Se le vio reír (ahí está la foto, riéndose con los Reyes, con Susan Sontag, en Sarajevo); pero en la punta oscura de esa risa siempre había un hombre yéndose, esquivo, como dice Caballero Bonald en su ajustado examen de este ingenio español tan controvertido consigo mismo, tan afanoso por ser y por desaparecer.
Y se le vio dar y recibir mandobles de sus colegas, por envidia, la suya o la ajena, pues en este círculo concéntrico que es el mundo literario siempre hay un grillete que te amarra, y a veces eres tú el que amarra con el grillete.
¿Qué le pasaba? ¿Qué había en ese poso, o pozo, de su alma? Tristeza, había tristeza, inseguridad, una naturaleza escondida en la que habitaban las memorias que lo hicieron, a la vez, español y desespañol, africano y desafricano, europeo y deseuropeo.

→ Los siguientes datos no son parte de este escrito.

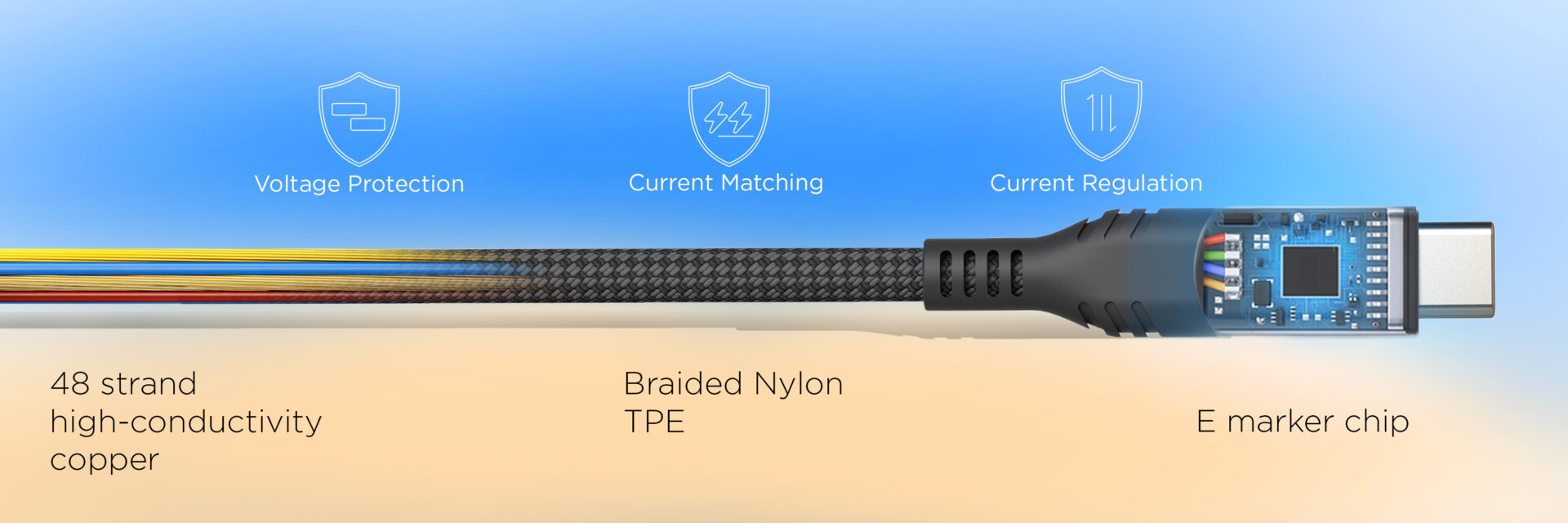 Its rugged nylon braided exterior is paired with a core of 48-strand high-conductivity copper wires, built to withstand over 15,000 bends. A premium zinc alloy housing adds a sleek, modern touch and long-term durability.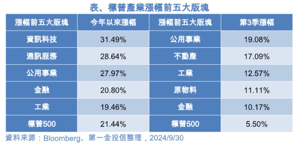 第一金投信統計今年以來,漲幅前五大版塊,在第三季出現轉變,公用事業、不動產、工業、原物料與金融等,漲幅在10%至20%間,大幅領先過去一季科技版塊僅1%左右的漲幅表現。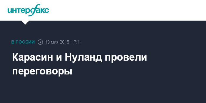 Москва. 18 мая. INTERFAX.RU - Замглавы МИД РФ Григорий Карасин и замгоссекретаря США Виктория Нуланд обсудили возможные варианты взаимодействия России и США в украинском урегулировании и подчеркнули важность налаживания прямого диалога Киева с ДНР и ЛНР.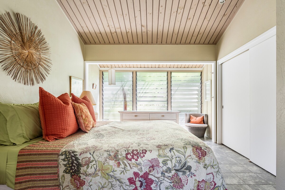 Berjalan ke dua pantai dari La Caseta untuk menikmati matahari terbenam Kona yang indah dan bermalam di lanai dengan minuman di tangan dan tokek berebut di atas kepala. Tiada agensi yang sukar dihubungi di sewaan yang sah ini, dengan hos pemilik penginapan. Siling kasau kayu, kerusi rotan belakang sayap, seni terpilih, dan tumbuhan tropika menyada ruang dengan gaya. Ini adalah rumah yang lebih tua di mana kami bergantung kepada angin perdagangan dan lautan berenang di atas penghawa dingin.
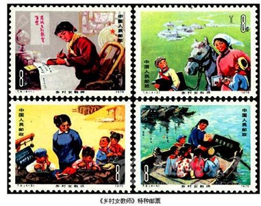 “燃燒自己,照亮別人”,是每一位教書人的精神寫照。在我國(guó)發(fā)行的郵票中就常常出現(xiàn)那些工作在基層的普通教師的忙碌身影。1959年9月25日,我國(guó)發(fā)行《人民公社》特種郵票,其中第5枚“學(xué)”,圖案是一位手執(zhí)課本神情專注地在課堂上教學(xué)的老師。這是我國(guó)郵票中首次出現(xiàn)教師形象。1966年5月10日,我國(guó)發(fā)行《服務(wù)行業(yè)中的婦女》特種郵票,其中第4枚“保育員”,是反映我國(guó)幼兒教師工作情景的一枚郵票。1976年2月20日,我國(guó)發(fā)行《勝利完成第四個(gè)五年計(jì)劃》紀(jì)念郵票,其中第13枚“牧區(qū)小學(xué)”,圖案是一位藏族女教師在寬敞明亮的教室里授課的情景,反映了新中國(guó)成立后,特別是第四個(gè)五年計(jì)劃期間,我國(guó)少數(shù)民族地區(qū)飛速發(fā)展的教育事業(yè)。1975年3月8日,我國(guó)發(fā)行《鄉(xiāng)村女教師》特種郵票,全套4枚,圖案分別是“認(rèn)真看書學(xué)習(xí)”“巡回教學(xué)”“開門辦學(xué)”和“水上小學(xué)”。全套郵票是工作在廣大農(nóng)村的中小學(xué)教育工作者在辦學(xué)條件艱苦的情況下仍然堅(jiān)持認(rèn)真學(xué)習(xí)、勤奮工作、忠于黨的教育事業(yè)的真實(shí)寫照。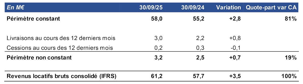 Revenus locatifs en hausse de 6,1% sur 9 mois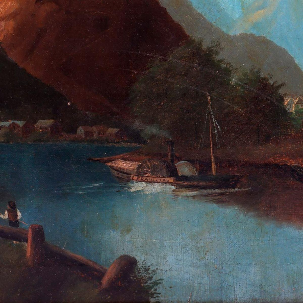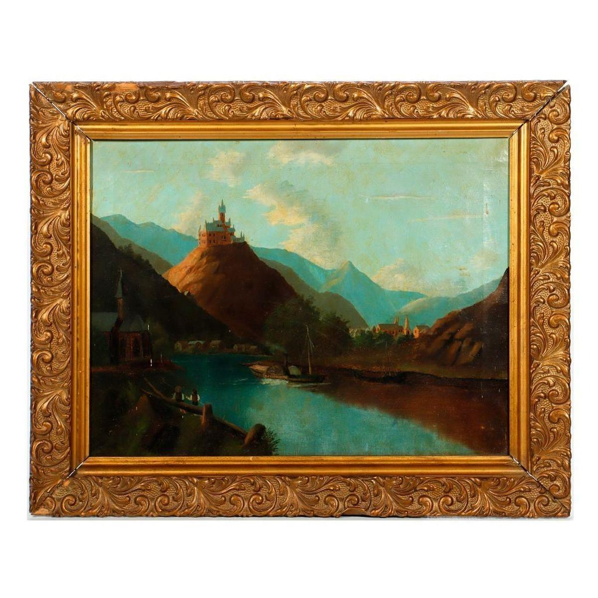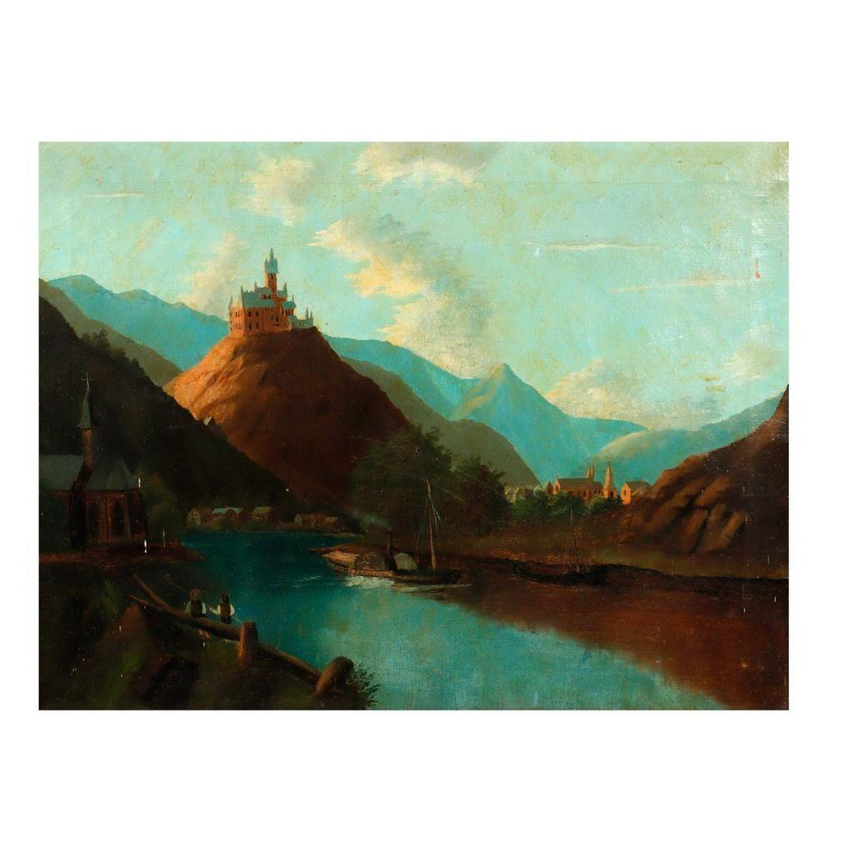 Artist: Unknown. Title/Subject: River landscape with paddle boat "Fraulein" and castle on a hill. Size: 15 1/2in x 20in. Year Created: c. 19th/early 20th century. Medium/Ground: Oil on canvas. Condition: Stretcher marks, craquelure, staining, small paint splatters. Condition Report: All lots are sold as is and where is. Turner Auctions + Appraisals, LLC provides condition reports upon request to aid in your bidding decision. No statement regarding age, condition, kind, value, or quality of a lot, whether made orally at the auction or at any other time, or in writing in this catalog or elsewhere, shall be construed to be an express or implied warranty, representation, or assumption of liability. All sales are final, Turner Auctions + Appraisals, LLC does not give refunds based on condition. Turner Auctions + Appraisals, LLC does not perform any shipping or packing services. We do have a list of suggested shippers who gladly provide quotes prior to your bidding. Please visit our webpage for a list of recommended shippers.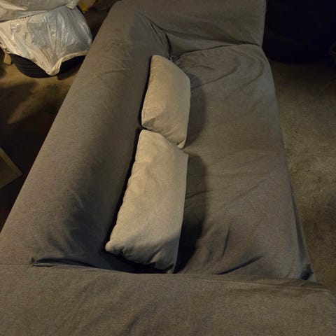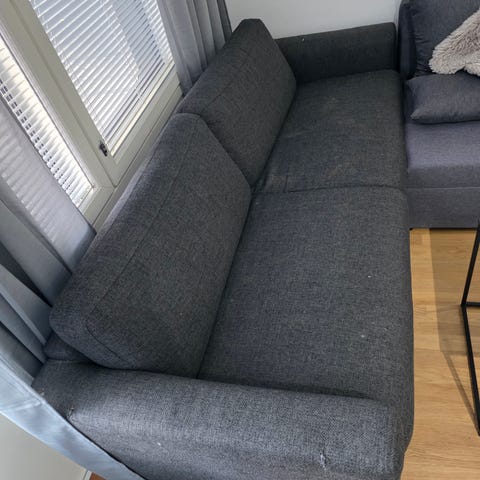Ylimääräisenä vaalean harmaa sohva. Käsinojissa pari tahraa, mutta lähtee varmaan tekstiilipesurilla. Istuin ja selkänoja päälliset juuri pesty pesukoneessa. Saa tulla istuskelemaan.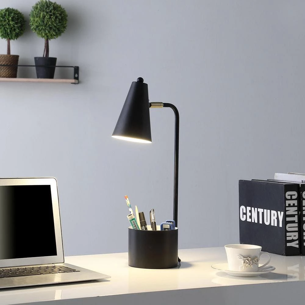 Style and functionality meet with this organizer black desk metal lamp, It is beautifully finished and comes equipped to hold many of the important essentials needed in a desk organizer. The flexible cone shade allows you to point the light exactly where you need it. Instantly illuminate your work space with this Organizer Black Task Lamp, This compact desk lamp provides a convenient place to store your pens, sticky notes or anything else you want to keep within reach. ON/OFF rotary switch is located on the black cord for accessibility and convenience. Organizer includes 4 compartments for storing pens, pencils, paper clips, etc. Just place this table lamp on your work or study table to create an inviting look in your living space. Perfect for office, kids room, or college dorm.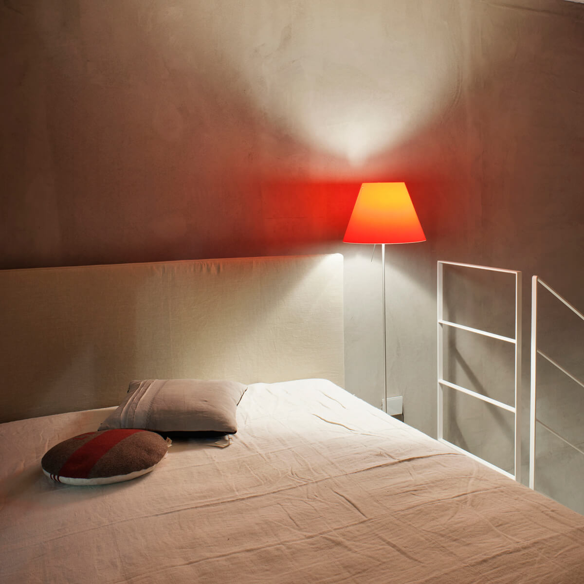 - Zeitlose Stehleuchte mit Schirm aus farbigem Kunststoff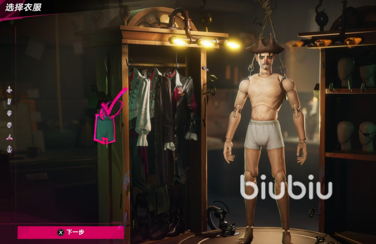 若希望不依赖充值完成初始造型设定,可在创建角色阶段直接配置时装。完成面部定制后,进入衣柜系统,从预设款式中任选其一:如经典海盗风套装、破旧西装造型、简约白衬衫风格,亦可选择极简方案——仅保留基础木偶躯干并搭配单件内裤外观。所有选项均支持即时预览与确认,满足多样化审美需求。

La inseguridad lo hizo, es cierto, esquivo y a la vez altanero, parecía que su nariz miraba por encima de las ventanas ajenas; pero esa misma incertidumbre escondía el deseo de quedarse solo. Como eso es imposible, se sintió único, hundió su pluma en una arena difícil y de ahí salieron obras a las que quitó claridad para seguir buscándose en ese túnel que rompió a veces con una risa asimismo triste, cabizbaja.
Ahora viene este retrato de sus últimos años, tan bien trazado por Francisco Peregil, con tantos testimonios explícitos o anónimos. Ahí está Juan Goytisolo cavando en el túnel, a oscuras, queriendo irse de todas partes, y sobre todo de donde querían cuidarlo. Asido a la palabra hasta la penúltima oportunidad y ya renunciando a ella como acaso renunció a la felicidad hace tantos años, cuando supo que en el origen y en el final están la miseria y la muerte.
Este testimonio que viene ahora vale por las palabras que él ya no pudo escribir, por los túneles que ya no pudo sacar a la luz.
Es ese Goytisolo solo y triste el que convoca el abrazo que requieren las personas que, de pronto, en el último suspiro, dejan en la tierra, como una metáfora, con un solo gesto, todo lo que quisieron decir con miles de palabras.
Ahora sobre esta figura impar de la posguerra hay una luz cenicienta del amanecer impregnando la atmósfera de una tristeza indefinible.
Estas son, por cierto, también sus palabras. Sus juegos de manos.